In the provided code, I'm writing the result of the aggregation to a JSON file named "iris_agg.json." Here's an explanation of each step:

1. write_data = open("C:/Users/saivi/bd-f23/bd-f23/W05/iris_agg.json", "w"): This line opens a file named "iris_agg.json" in write mode and assigns the file object to the variable write_data. The file will be created or overwritten if it already exists.

2. write_data.write(json.dumps(list(result), indent=5)): Here, I use the json.dumps() function to serialize the result (which contains the aggregated data) into a JSON-formatted string. The indent=5 argument is used to add indentation to the JSON string, making it more human-readable. The serialized JSON string is then written to the opened file using the write() method.

3. write_data.close(): This line closes the file to ensure that all data is written and resources are released properly.

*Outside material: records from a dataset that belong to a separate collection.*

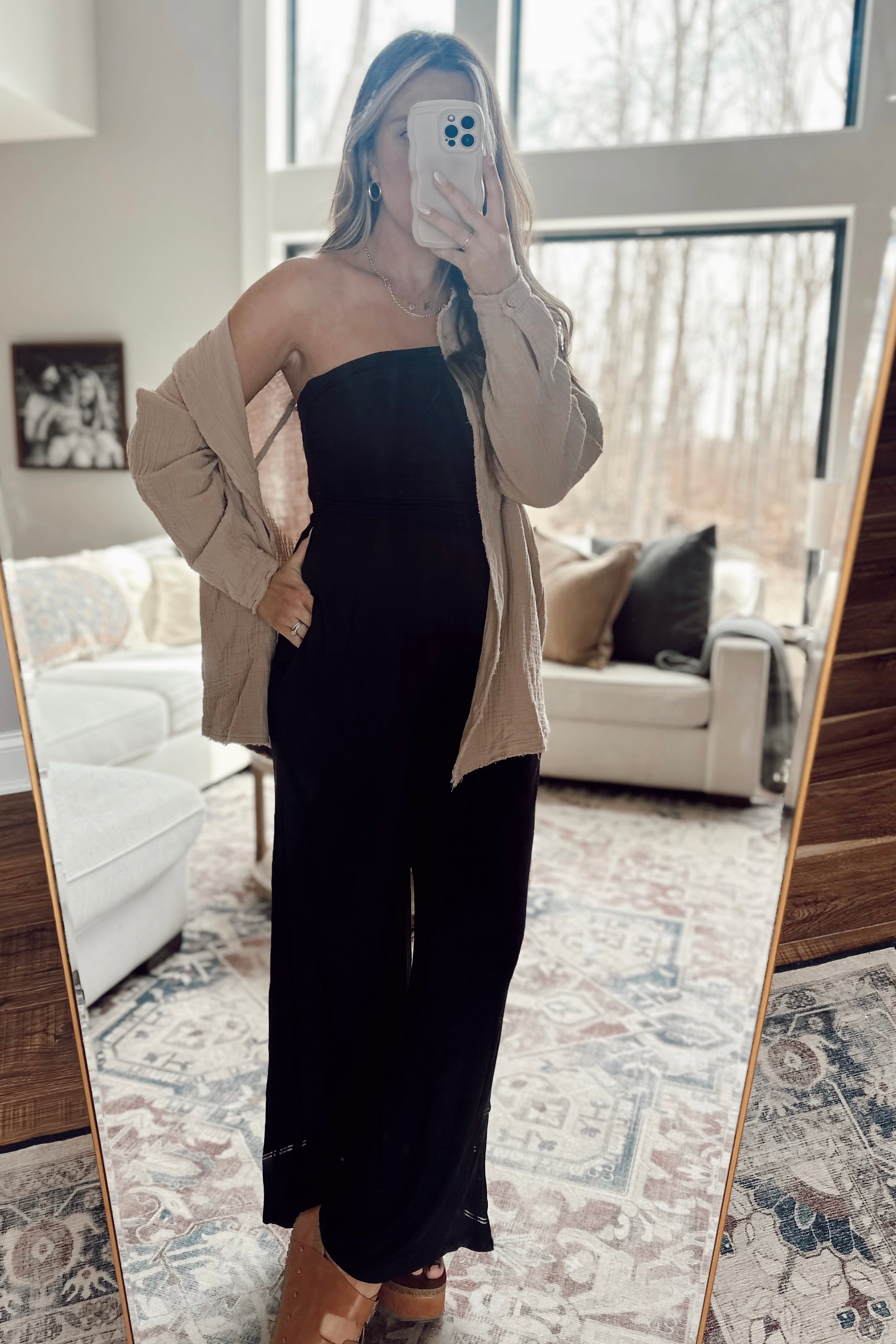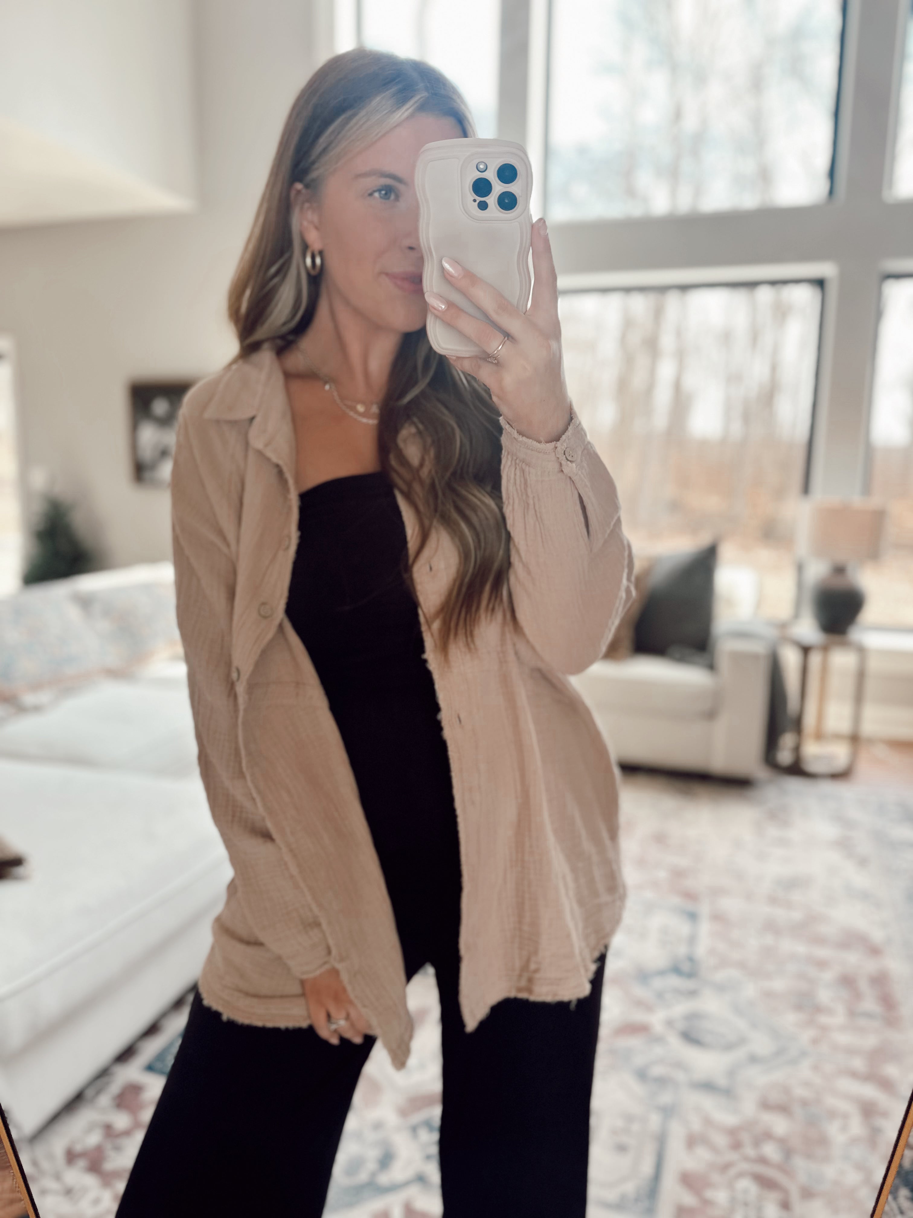 Alexis Mocha Oversized Gauze Button-Up
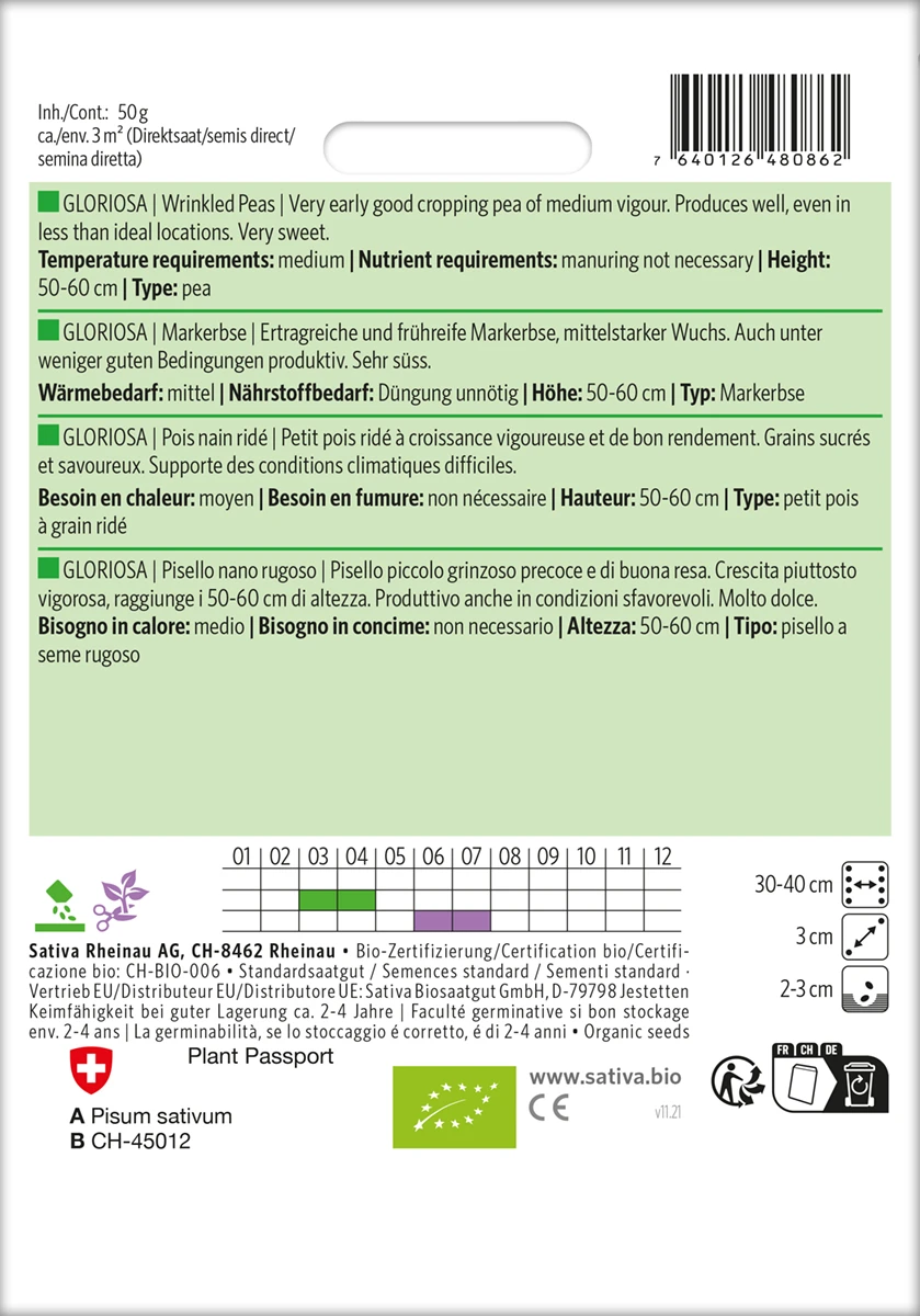 Ertragreiche und frühreife Markerbse, mittelstarker Wuchs. Auch unter weniger guten Bedingungen produktiv. Sehr süß.
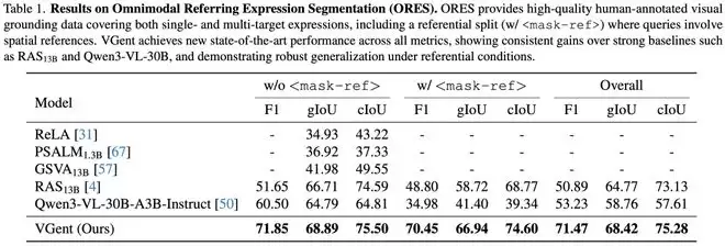 如图六所示,在极具挑战的ORES基准上,VGent 取得了全新的SOTA成绩。相比之前的最佳方法RAS13B,VGent在F1分数上实现了+20.58%的巨大提升。VGent在gIoU和cIoU上都带来了明显的提升。
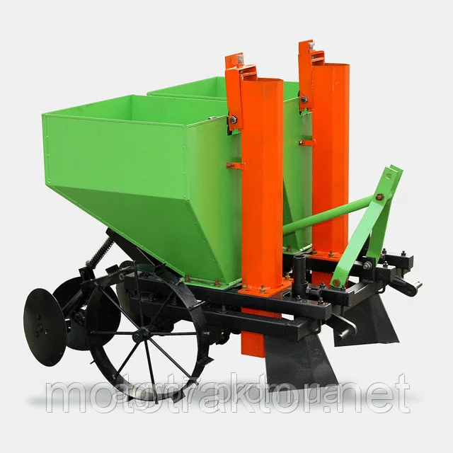 Новый современный двухрядный картофелесажатель предназначен для механизированного комфортного высаживания картофеля с помощью небольшого трактора. Навешивается на трехточечный навесной механизм сзади трактора. Разработан с учетом пожеланий и предложений украинских аграриев, профессионально выращивающих картофель:
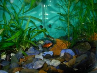 Si escolliu un petit aquari, al seu interior encara heu de crear l’ambient adequat. Es recomana plantar, però no en quantitats excessives. La quantitat de sòl hauria de superar els 3-4 centímetres d'alçada. La decoració es fa utilitzant petits articles elaborats amb materials naturals.

In summary, this code snippet opens a JSON file for writing, serializes the aggregation result as a JSON string with indentation, writes the JSON string to the file, and then closes the file to complete the writing process. This results in the "iris_agg.json" file containing the aggregated data in a structured JSON format.

In [15]:
write_data=open("C:/Users/saivi/bd-f23/bd-f23/W05/iris_agg.json", "w")
write_data.write(json.dumps(list(result), indent=5))
write_data.close()